Джентльмены предпочитают русалок (СИ) - Мэллори Х. П.. Страница 29

— Это отличные новости!

Так и есть, но… Нет простого ответа, особенно когда я помню, как она говорила со мной ранее — как она, по сути, обвиняла меня в том, что с ней случилось. Это несправедливо.

— Мара в порядке, — подтверждаю я, внезапно захотев найти место, где можно сесть. Я подхожу к старым деревянным ступеням, ведущим на улицу, и сажусь, оставляя место для него на ступеньке рядом со мной.

— Как она сюда попала?

Я пожимаю плечами.

— С компасом. Она подслушала, как Каллен говорил о Шелл — Харборе, нашла его на карте и, побывав в нескольких других городах, в конце концов добралась до этого.

Его брови тянутся к небу.

— Вау, это довольно впечатляюще.

И странно, потому что я никогда не думала о Маре как о той, кто способен на такой… подвиг. Я киваю.

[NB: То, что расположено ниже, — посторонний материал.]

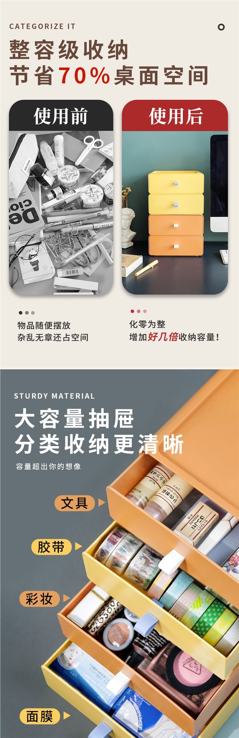 ✅ 데스크탑 수납함 서랍형 수납선반 사무실 소품 수납장 책상 정리함 수납장스토어 가기
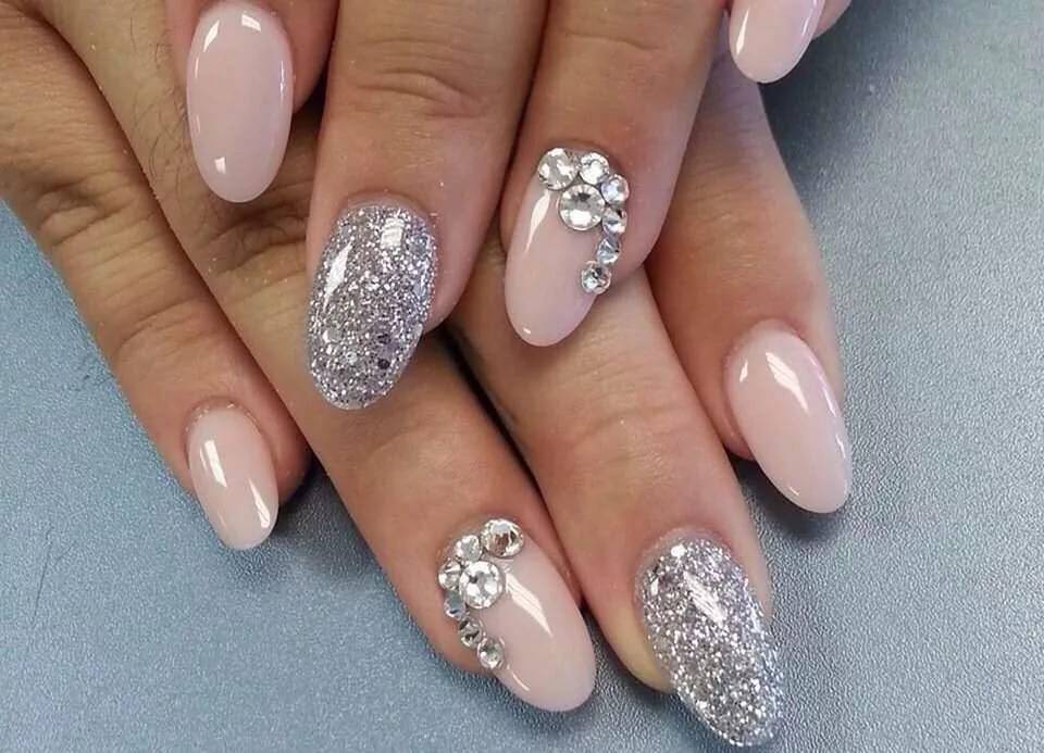- Блестки прекрасно сочетаются с другим декором. Это могут быть стразы, бульонки.
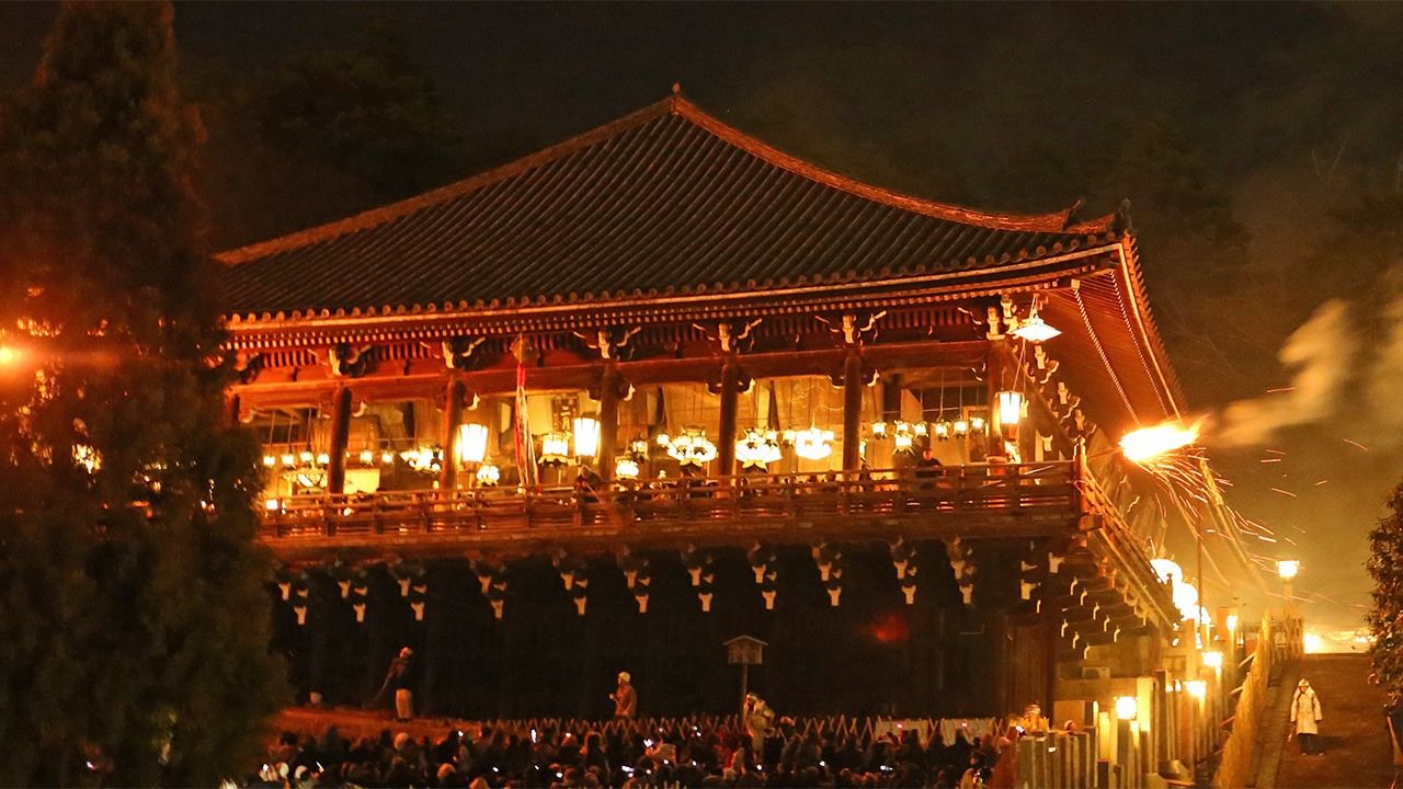 Du 1er au 14 mars, dans les temples de tout le Japon, on donne une cérémonie bouddhique appelée « Shuni-e ». Au Tôdai-ji de Nara, ce rite est connu sous le nom de « Omizutori ». Les moines apportent d’énormes torches enflammées dans le pavillon du Nigatsu-dô puis les agitent du balcon pour répandre de grandes gerbes d’étincelles qui sont censées procurer la santé aux fidèles amassés en bas de l’édifice.
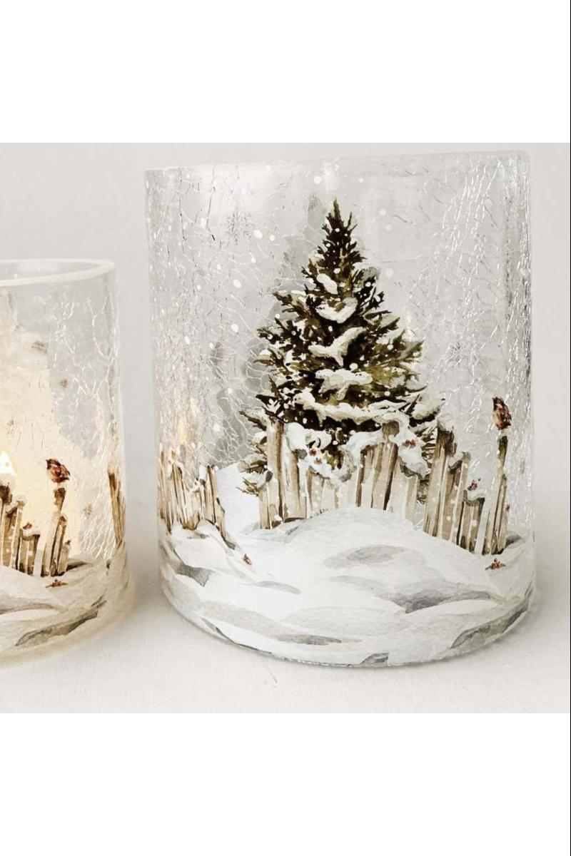 Lysglass krakelert nostalgi vinter 11,5×13 cm
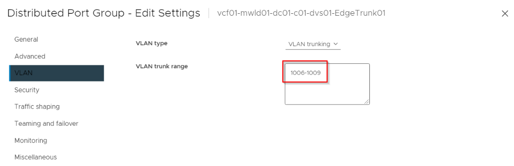 Choose the RTEP VLAN (based on the IP schema we discussed earlier – For Site A, it is 1009). We do have an option to apply a named teaming policy, so that the RTEP traffic can be steered over a specific edge uplink.
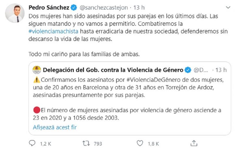Toată compasiunea mea pentru familiile amândurora", a scris premierul Pedro Sanchez, pe Twitter, unde a distribuit o postare a Delegației Guvernului împotriva violenței de gen.
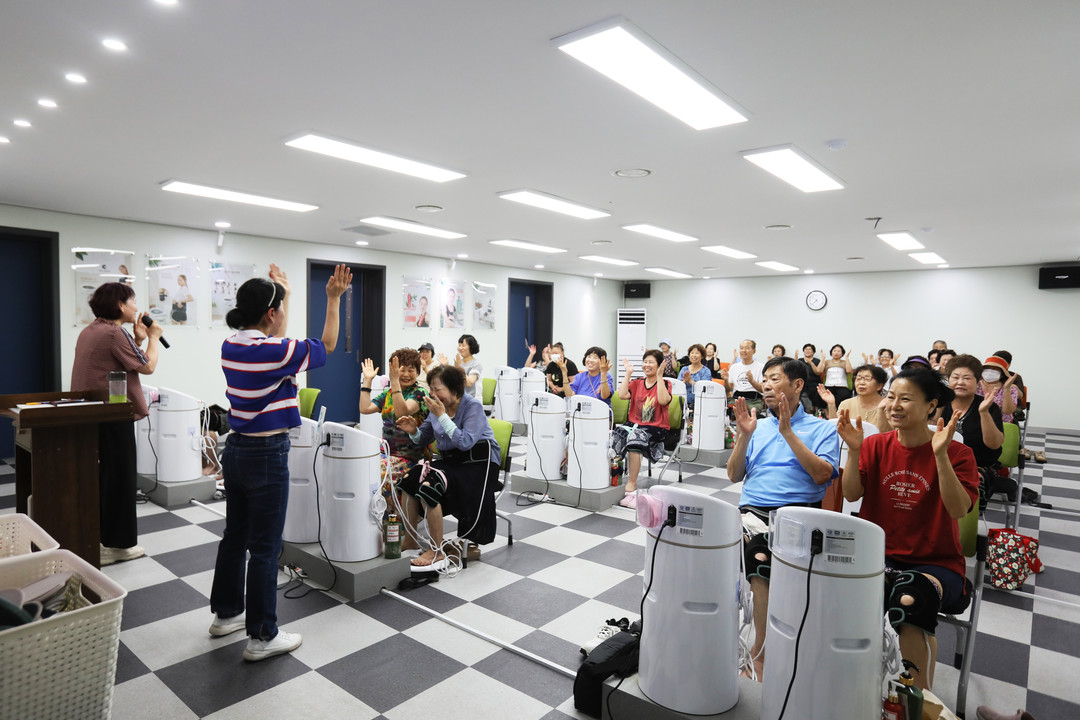 [욜드(YOLD)=유성욱 기자] ‘무료로 갖가지 통증에서 벗어났다!’라는 입소문의 진원지를 수소문해 ‘셀스타 건강체험센터’ 부천점과 일산점을 두곳을 찾았다. 센터는 평일 낮임에도 내방객들로 가득찼다. 45분 간격으로 하루에 11차례 체험프로그램이 진행되고 있는데, 의료기기 인증을 받은 저주파 조합자극기로 통증 부위 3곳 정도를 관리받으며, 노래와 율동, 웃음 치료, 뇌인지 놀이 등 다양한 프로그램이 진행됐다. 한번만 받아도 몸과 정신이 개운할 것 같은데 3회까지 무료 체험이라고 한다. 4번째 방문부터는 소모품인 젤 정도는 개인이 구매해야 한다. 이러한 건강체험센터가 현재 수도권 일대에만 6곳이 운영중인데, 앞으로 더 많은 곳이 오픈될 예정이라고 한다.
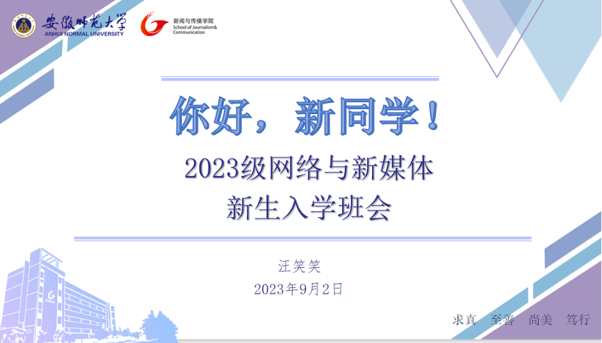 为了能让员工更好地认知角色变化、适应老员工活,发现新自我、确立新目标,2023级网络与新媒体专业新生入学班会于9月2日晚在教学楼2010202教室举行。本次班会以“你好,新同学”为主题,为新生大学求知路指引了方向。会议由辅导员汪笑笑主持,2023级网络与新媒体专业全体同学参会。

Сойер на мгновение замолкает, словно что — то обдумывая. Затем он поворачивается ко мне.

— Думаешь, есть что — то большее, что она тебе не говорит?

Да, но получить информацию от Мары практически невозможно. Как говорят люди? Вырывать клещами? Звучит отвратительно, но уместно.

Опустив голову на руки, я глубоко вздыхаю и закрываю глаза.

— Сейчас столько всего происходит, что я не знаю, что и думать. Сначала Каллен вломился в мой дом, потом плакаты появились по всему городу, а теперь Мара появляется из ниоткуда? Это слишком.

Я чувствую теплую руку на своей спине; электричество, кажется, парит там, где он касается меня. Я понимаю, что он нежно обнимает меня, и позволяю ему. Его толстые, сильные руки обхватывают меня за талию и притягивают к нему.

— Мне жаль, — бормочет он мне в волосы, и, хотя это приятно, это ничего не меняет. — Я хотел бы сделать больше, чтобы помочь.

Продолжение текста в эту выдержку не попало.